Mechanistic Investigation into Modern Catalytic Reactions

现代催化反应的机理研究

• 批准号: 10685545
• 负责人: Jennifer Hirschi
• 金额: $ 29.65万
• 依托单位: STATE UNIVERSITY OF NY,BINGHAMTON
• 依托单位国家: 美国
• 财政年份: 2022
• 资助国家: 美国
• 起止时间: 2022-09-01 至 2027-08-31
• 项目状态: 未结题
• 来源: https://reporter.nih.gov/project-details/10685545
• 关键词: Address; Area; Benchmarking; Calibration; Catalysis; Chemicals; Complex; Cytochrome P450; Detection; Development; Directed Molecular Evolution; Engineering; Enzymes; Event; Geometry; Heme; Investigation; Isotopes; Kinetics; Light; Measurement; Medicine; Methodology; Methods; Modernization; Outcome; Pharmacologic Substance; Reaction; Research; System; Techniques; Theoretical Studies; Visible Radiation; carbene; experimental study; insight; nitrene; novel; programs; rational design; simulation; virtual

Project Summary: Mechanistic understanding of emerging catalytic methodologies is an important factor in the successful application of novel transformations to the synthesis of pharmaceuticals and other high- value chemicals. Despite this, there is a significant lag between new reaction discovery and its mechanistic description. This research program addresses this challenge in two important areas of contemporary catalysis – photoredox catalysis and biocatalysis by engineered enzymes. Photocatalysts harness the power of visible light to generate highly reactive radical intermediates that can be strategically channeled to participate in a variety of valuable bond-formations. There are a variety of photophysical approaches for the detection and characterization of these open-shell intermediates. However, experimental probes of the transition state geometry, of key bond-forming and bond-breaking events in photoredox catalysis, are virtually non-existent. In this context, this research program establishes 13C kinetic isotope effects as the elusive experimental probe of the transition state geometry of photoredox reactions.
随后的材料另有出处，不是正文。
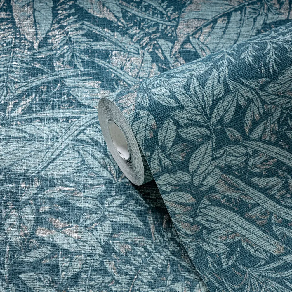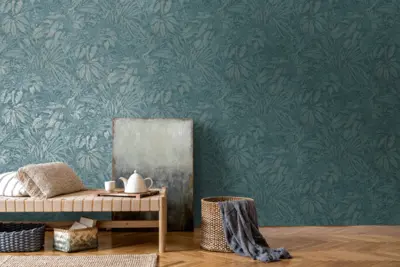 Livingwalls Vinyltapete 395603 – Stilvolles florales Design in Blau und Petrol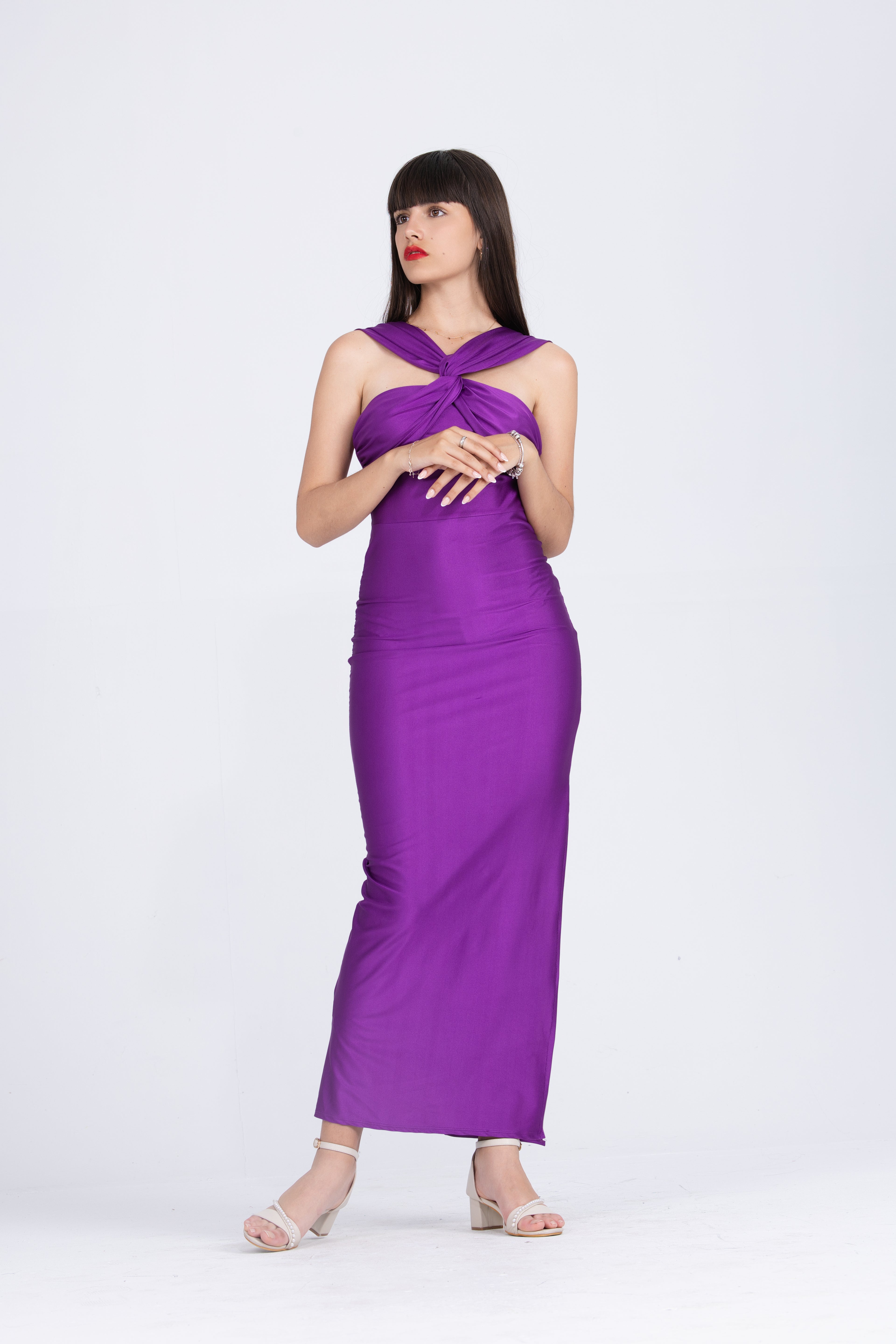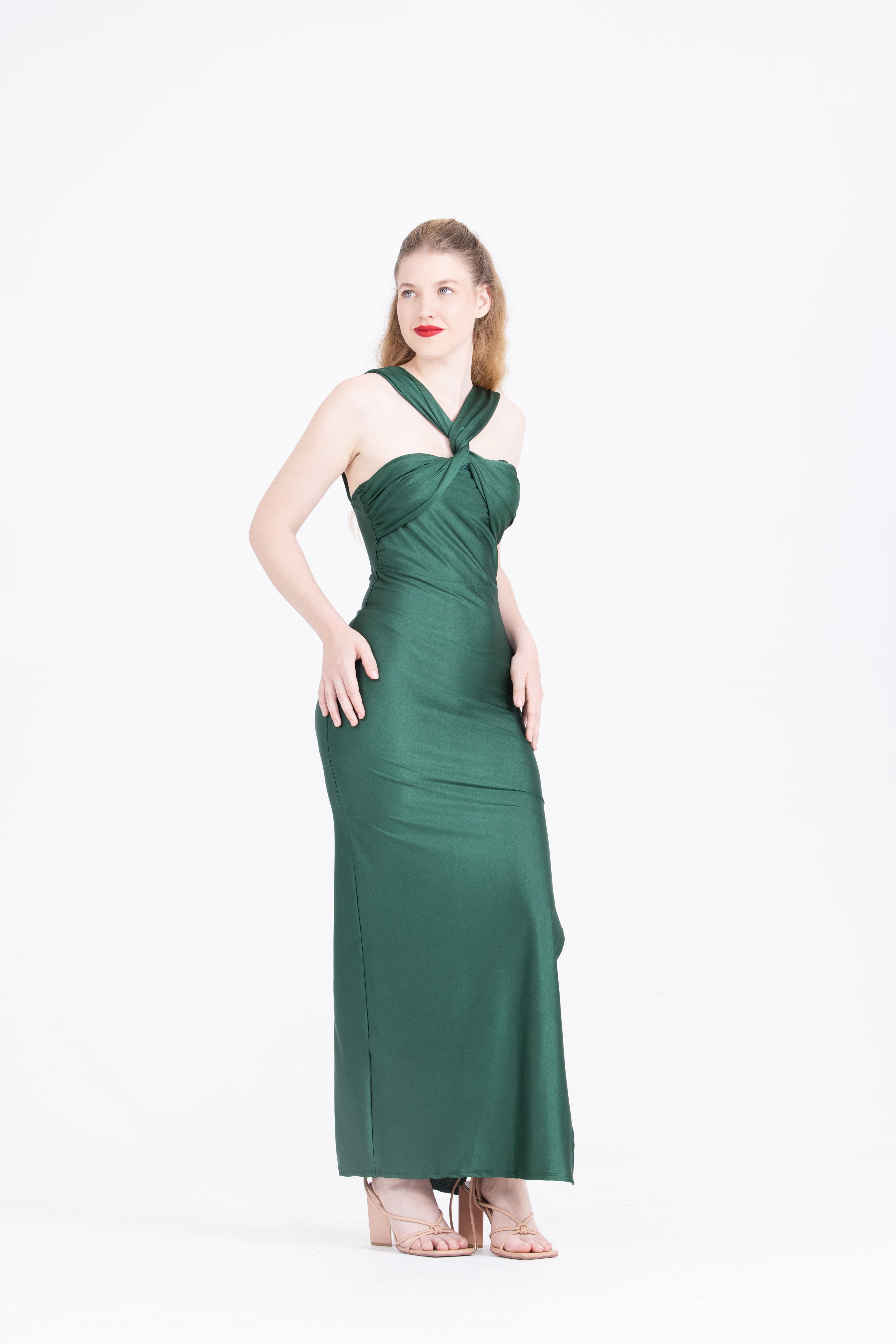 Este vestido presenta un diseño halter con un intrincado nudo en el escote que añade un detalle moderno y distintivo. Confeccionado en un tejido satinado que abraza y realza la figura femenina, este vestido largo es sinónimo de elegancia y glamour.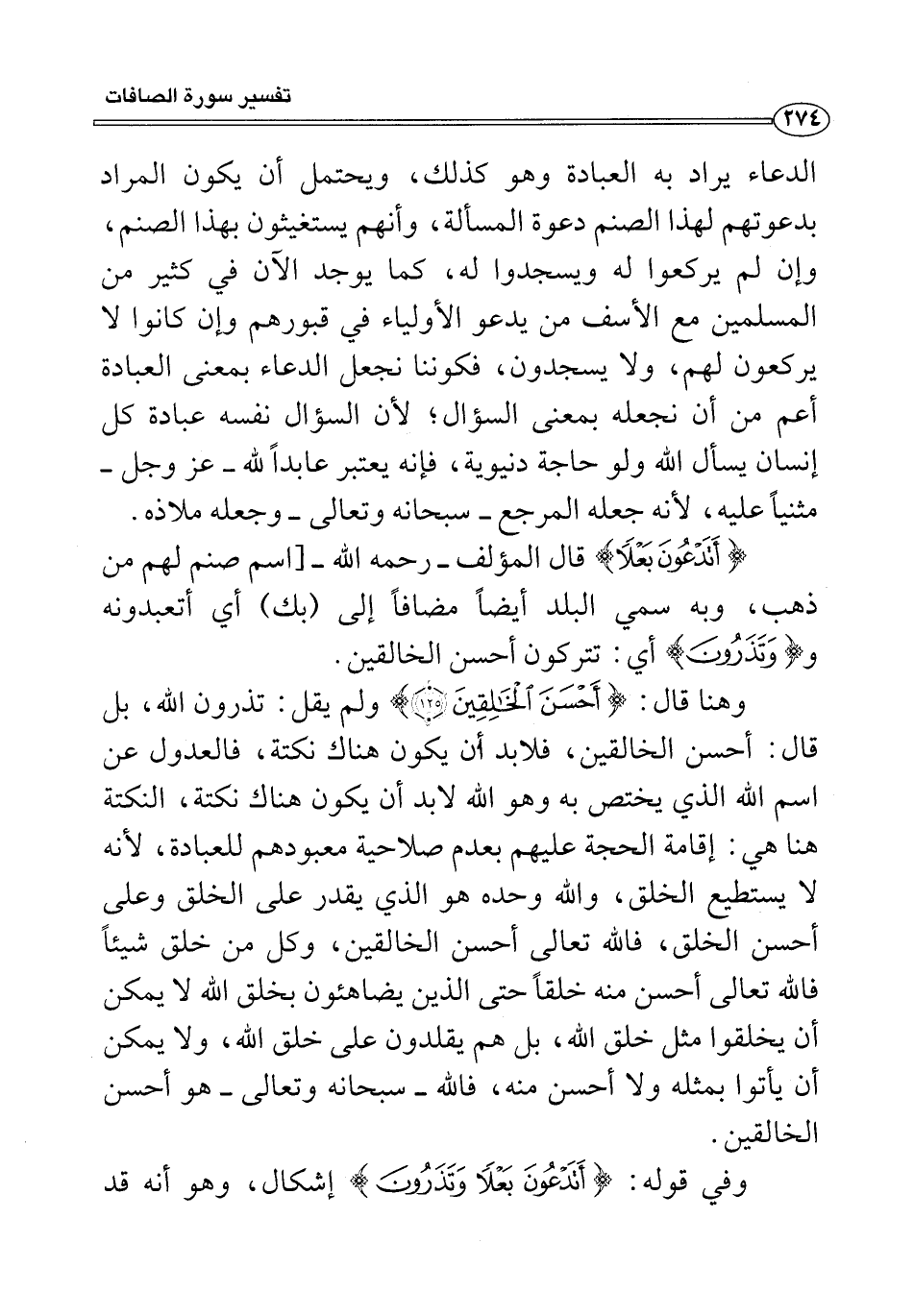 {أَتَدْعُونَ بَعْلًا} قال المؤلف -رحمه الله-[اسم صنم لهم من ذهب، وبه سمي البلد أيضًا مضافًا إلى (بك) أي أتعبدونه {وَتَذَرُونَ} أي: تتركون أحسن الخالقين.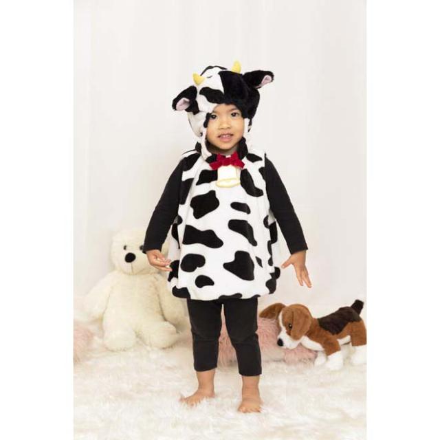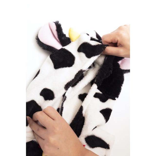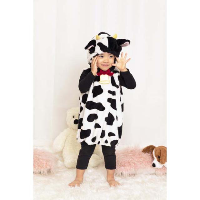 肌触りの良いふわもこ素材のうしさん着ぐるみ。首のリボン付きベルはワッペンのような作りで軽くて柔らかく安心です。着ぐるみは、ワンピースタイプだからオムツ替えも楽々。手洗い出来てお手入れが簡単なのも嬉しいポイント!首元や裾口がゴム仕様なので1〜2歳位まで長く着られます。顔周りにもゴムが入っているのでフードが脱げにくいです。SNS映えもばっちり!年賀状にもオススメです。
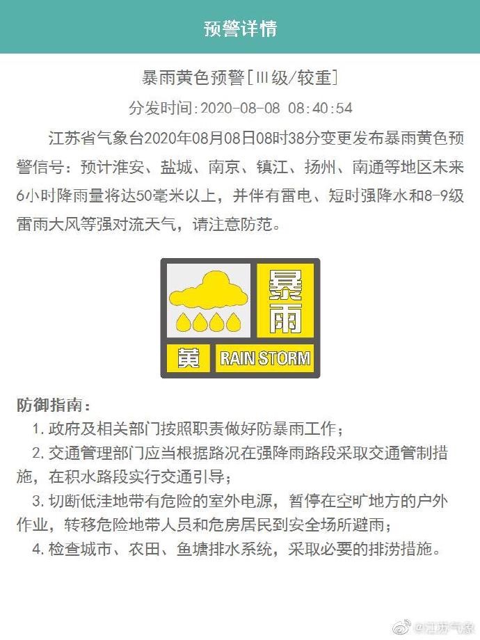 現(xiàn)代快報記者了解到,8月7日起至8月8日早晨,副高北側雨帶向南壓,強降雨主要出現(xiàn)在河南南部,安徽北部,江蘇北部一帶。隨后,江蘇沿江地區(qū)出現(xiàn)短時強降水、雷雨大風等對流天氣,浦口單小時雨量超50毫米!江蘇省氣象臺于8時38分變更發(fā)布暴雨黃色預警信號。預計淮安、鹽城、南京、鎮(zhèn)江、揚州、南通等地區(qū)未來6小時降雨量將達50毫米以上,并伴有雷電、短時強降水和8-9級雷雨大風等強對流天氣。淮安、南京、揚州、南通、蘇州等地也紛紛發(fā)布雷暴黃色預警,全省各地58條預警霸屏。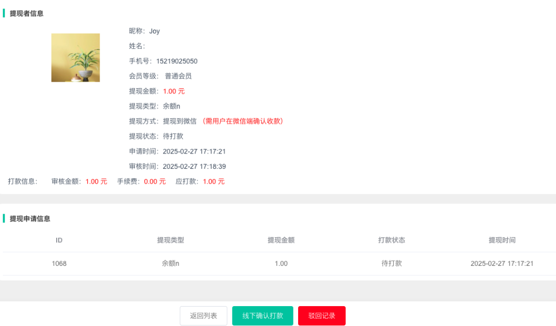 后台审核通过,用户在前端会员中心--供应商管理--提现记录进行确认打款

In addition to shedding light on these complex reaction mechanisms, this measurement serves as an important experimental benchmark to calibrate theoretical methods to accurately evaluate the rate- and selectivity-determining steps in these reactions. Directed evolution of cytochromes P450 has led to the discovery of carbene- and nitrene-transfer activity of these heme-containing enzymes. Mechanistic investigations of these systems have largely been limited to theoretical studies due to the inherent challenges associated with conducting standard physical organic experiments in enzymatic systems. This program utilizes a newly developed intramolecular 13C kinetic isotope effect technique along with classical kH/kD experiments to gain insight into the transition state geometry of C–C and C–N bond-forming steps in these reactions. High-level QM/MM calculations and MD simulations are also utilized to interpret experimental findings and understand the origin of selectivity in these biocatalytic reactions.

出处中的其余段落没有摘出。